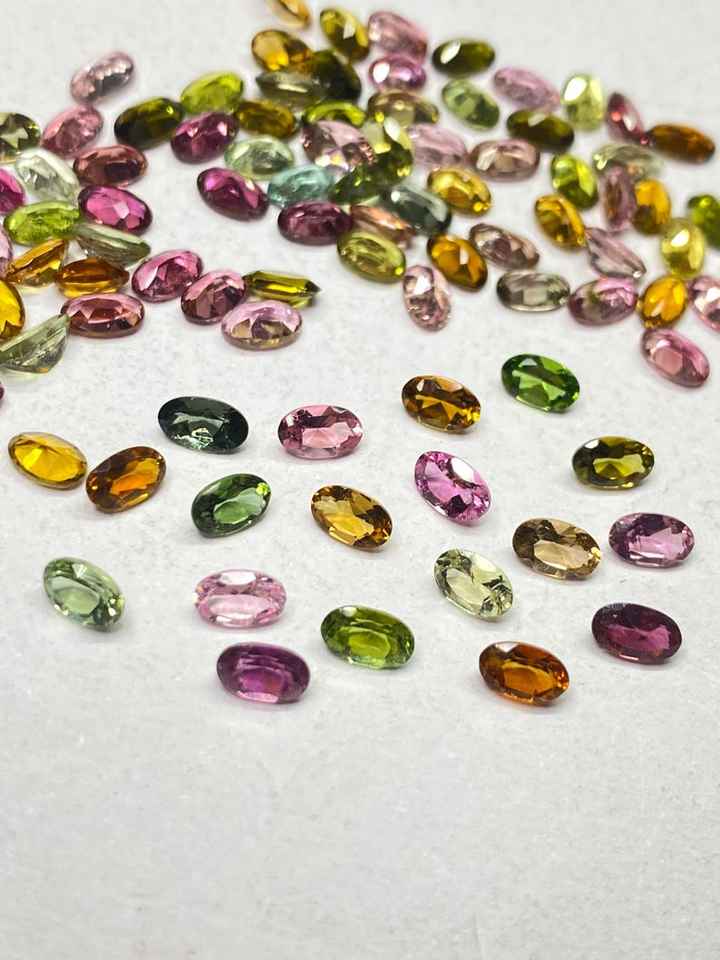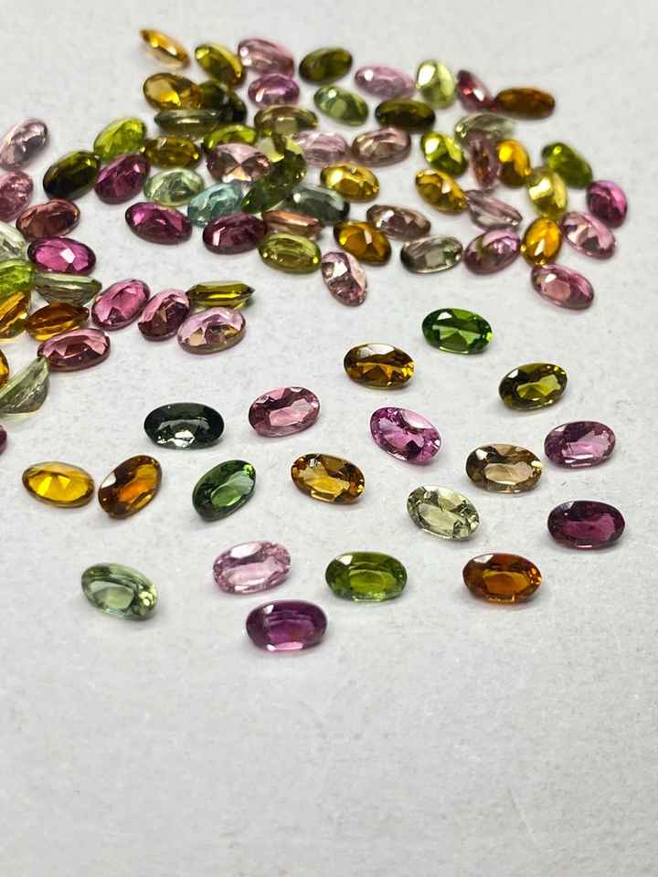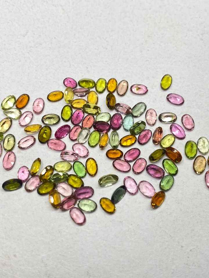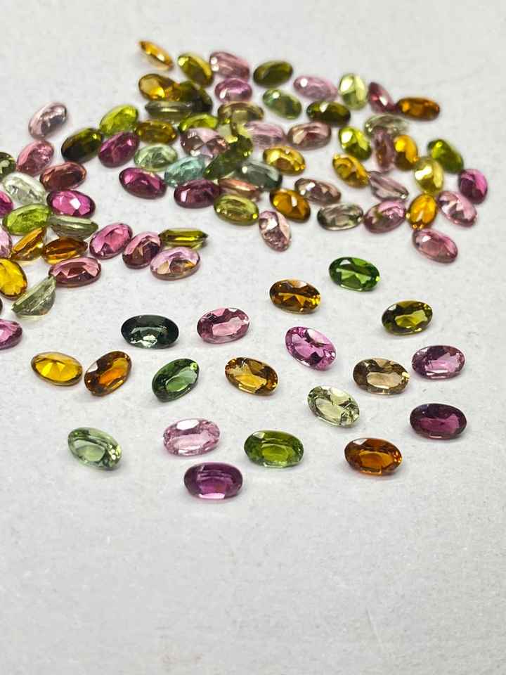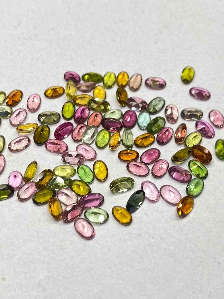 พลอยทัวร์มาลีนหลากสีทรงเหลี่ยมธรรมชาติ รูปไข่ ขนาด 3x5 มม. ถึง 6x8 มม. สำหรับทำเครื่องประดับ
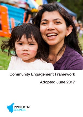 The Inner West Council's Community Engagement Framework, adopted in June 2017, outlines the council's commitment to integrating community input in decision-making processes to enhance local democracy and well-being. It incorporates principles of effective engagement, aiming to ensure diverse perspectives are represented and community needs are understood while fostering transparency and building trust. The framework is informed by best practices and will be reviewed regularly to stay current with legislative changes and community expectations.
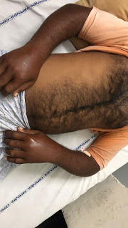Initial examination revealed, the patient was conscious, coherent and co-operative, lying in bed in supine position. He was in some visibly apparent distress with flexion at his elbows and wrists, bilaterally, which were mildly painful when resting on the bed and his abdomen, respectively. The patient was dressed in a round neck t-shirt and when asked to sit up and take his t-shirt off, he had significant pain and limitation of movements at multiple joints but no weakness.
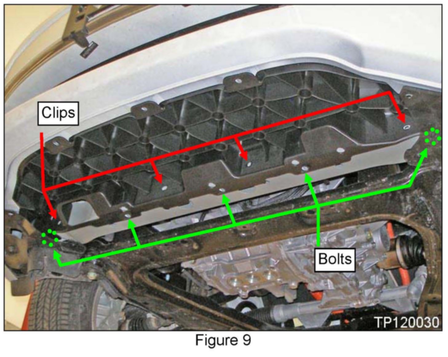 The existing bolts that attach the bumper fascia are not fastened until the front under cover is reinstalled (step 9).

TASK INSTRUCTIONS - A word-for-word copy of the material is required; pictures stay out of it.

RESPONSE TO THIS EXERCISE -
 พลอยทัวร์มาลีนหลากสีทรงเหลี่ยมธรรมชาติ รูปไข่ ขนาด 3x5 มม. ถึง 6x8 มม. สำหรับทำเครื่องประดับ
 The Inner West Council's Community Engagement Framework, adopted in June 2017, outlines the council's commitment to integrating community input in decision-making processes to enhance local democracy and well-being. It incorporates principles of effective engagement, aiming to ensure diverse perspectives are represented and community needs are understood while fostering transparency and building trust. The framework is informed by best practices and will be reviewed regularly to stay current with legislative changes and community expectations.
Initial examination revealed, the patient was conscious, coherent and co-operative, lying in bed in supine position. He was in some visibly apparent distress with flexion at his elbows and wrists, bilaterally, which were mildly painful when resting on the bed and his abdomen, respectively. The patient was dressed in a round neck t-shirt and when asked to sit up and take his t-shirt off, he had significant pain and limitation of movements at multiple joints but no weakness.
 The existing bolts that attach the bumper fascia are not fastened until the front under cover is reinstalled (step 9).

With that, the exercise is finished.